Columnist can not reject all ‘conspiracy theories’

This is a response to the article “Desire to control autism leads to wrong decisions, dreadful results,” Feb. 16, 2009. In this article, Mr. Hall asserts that the basis behind the “vaccine conspiracy” is pseudo-scientific. Well, I’m not trying to argue that. However, I do have a problem with lumping all “conspiracy theories” into one pile, and rejecting them all.

Mr. Hall makes comparisons to 9/11 conspiracies and the crazy teabagger’s claim that Obama’s birth certificate is faked. You see, there is a scientific basis behind why people are still asking questions about the 9/11 attacks.

The one that sticks out like a sore thumb is Tower 7. This incident was overshadowed by the twin towers at the time and was all but forgotten by the mainstream media.

Clear videos of Tower 7 show it collapsing as if in a controlled demolition, or implosion. Nothing about Tower 7 was included in the official 9/11 commission report.

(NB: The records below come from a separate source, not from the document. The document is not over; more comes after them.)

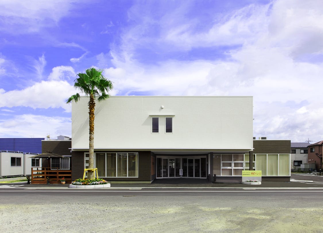 近くに江戸川が流れ、周りには田畑が広がる静かな環境の中で、大きな椰子の木が立つ一際目立つお洒落な白い建物が特徴。
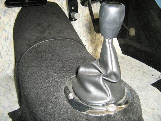 There are reports that the original MGA gear lever gaiter can be restrictive. A late MGB gaiter was used along with its chrome trim which had to be bent downwards at the sides to suit the narrower MGA tunnel. The MGB gaiter’s spigot is oval rather than round and the circular hole in the tunnel has to be slotted forwards. The gaiter sits on top of the tunnel with its spigot into the oval hole. The trim is fixed with self-tapping screws into U nuts in the periphery of the oval tunnel cut-out and retains the carpet.
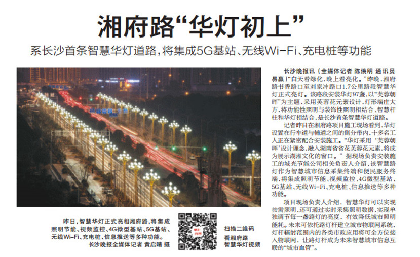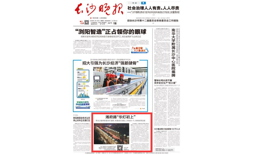 “芙蓉朝暉”智慧路燈建成亮燈后,得到了湖南當(dāng)?shù)毓俜矫襟w的重點(diǎn)關(guān)注和報(bào)道。1月18日,長(zhǎng)沙晚報(bào)在頭版重點(diǎn)報(bào)道湘府路上這條長(zhǎng)沙市首條智慧路燈示范段。
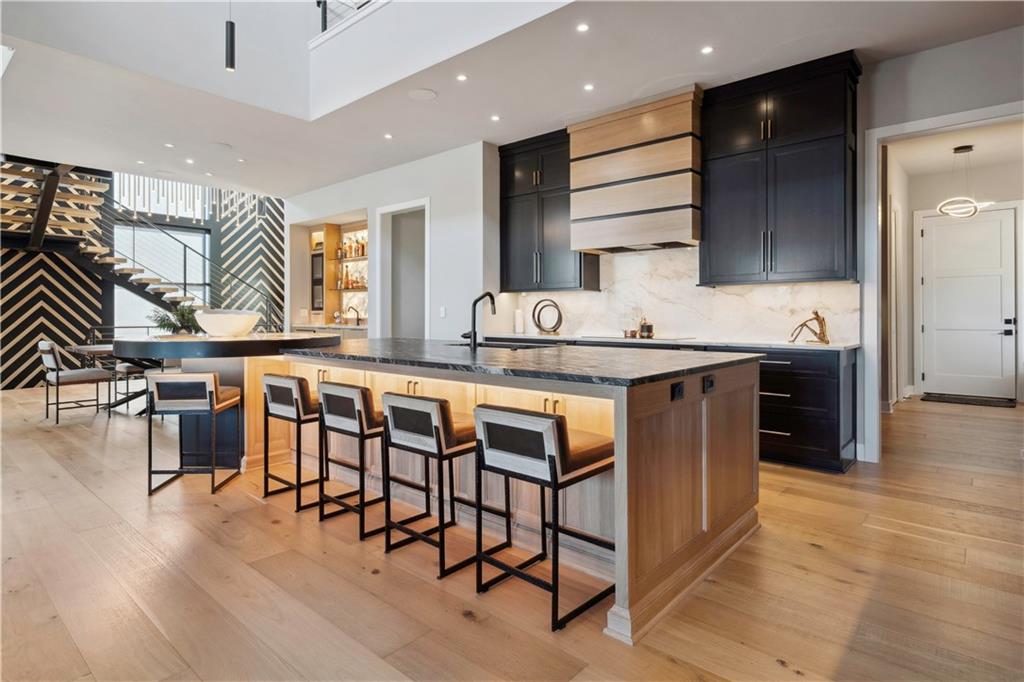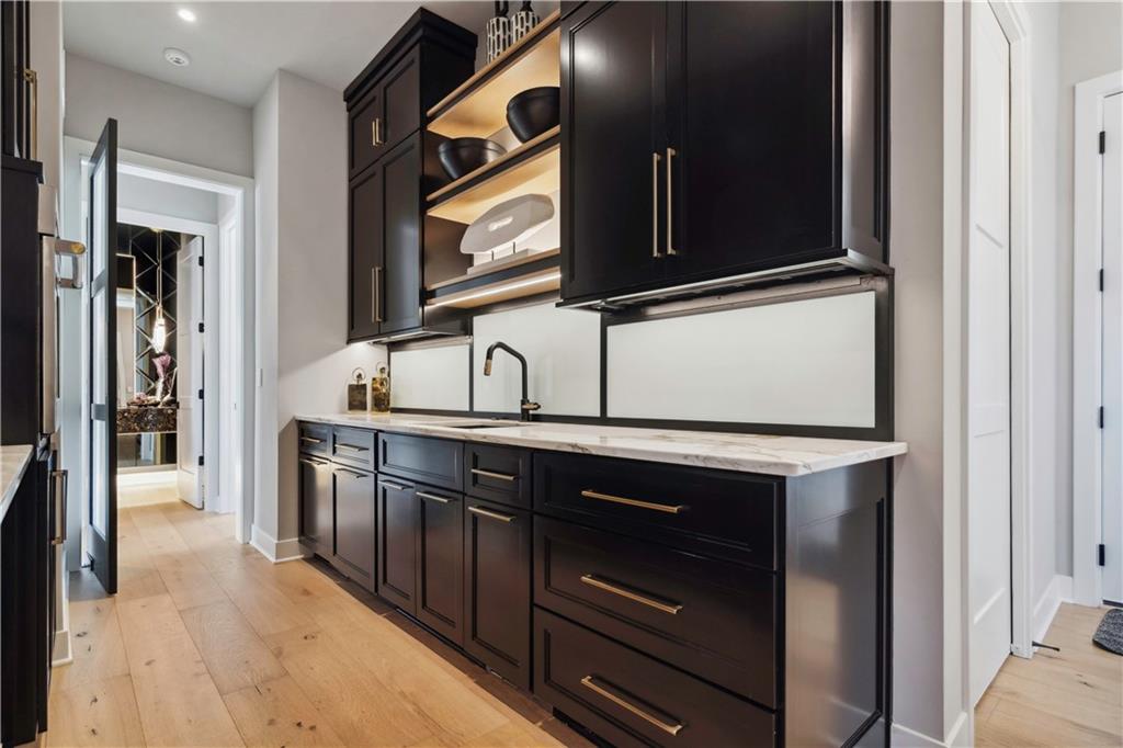 This one-of-a-kind Don Julian home mixes true modern esthetics with the comfort of everyday living. Thoughtfully designed throughout, from the custom 3-story floating staircase to the luxurious backlit quartzite stone, this home has the “Wow factor” you’ve been looking for! The two-story great room features floor-to-ceiling windows and a custom rolled metal fireplace, complete with built-ins and floating shelves. The stunning main level bar showcases European style cabinet doors and backlit stone. The spacious main kitchen boasts granite countertops, a paneled refrigerator, custom backlit cabinetry, and an induction cooktop. The secondary kitchen offers custom cabinetry with built-in storage, wine refrigerator, bar, oven, ice maker, dishwasher, and refrigerator. The primary bedroom and luxurious bathroom suite feature a freestanding tub, pebble stone shower floor, custom cabinetry, and quartz countertops. Panoramic doors extend to the private outdoor lanai, an ideal space for entertaining in all seasons, complete with a built-in grill, fireplace, and refrigerator. The main level also includes an office, spacious pantry, laundry room, and a beautifully designed mudroom. Off the loft upstairs, you’ll find each secondary bedroom features a private bathroom, crafted with meticulous attention to detail. The expansive walkout lower level offers ample space for additional finishing if desired. The owner has made extensive upgrades, including custom automatic blinds, luxurious custom closet design in the primary suite, and durable epoxy garage floors. Additional enhancements include an exterior door from the garage, custom garage cabinetry and mini split HVAC, fencing, and professional landscaping. The newly added outdoor patio space is perfect for entertaining, complete with a bar and built-in kitchen, complete with a pizza oven, cooktop and refrigerator! Plus, the home is equipped with whole-home automation for ultimate convenience and modern living.

Now, the official story is that fires caused the building to collapse. How could fires cause a building like Tower 7 to collapse as if it was being imploded? Also, there was no smoke coming out of the building. There is a group called “Architects for 9/11 Truth” that is fighting for an independent investigation of Tower 7.

Would you deny them because of your preconceived notions of conspiracy theories? This is not something on a level as low as the Tea Partyer’s accusations that Obama is not a citizen. You can’t call this pseudoscience, it’s legitimate inquiry.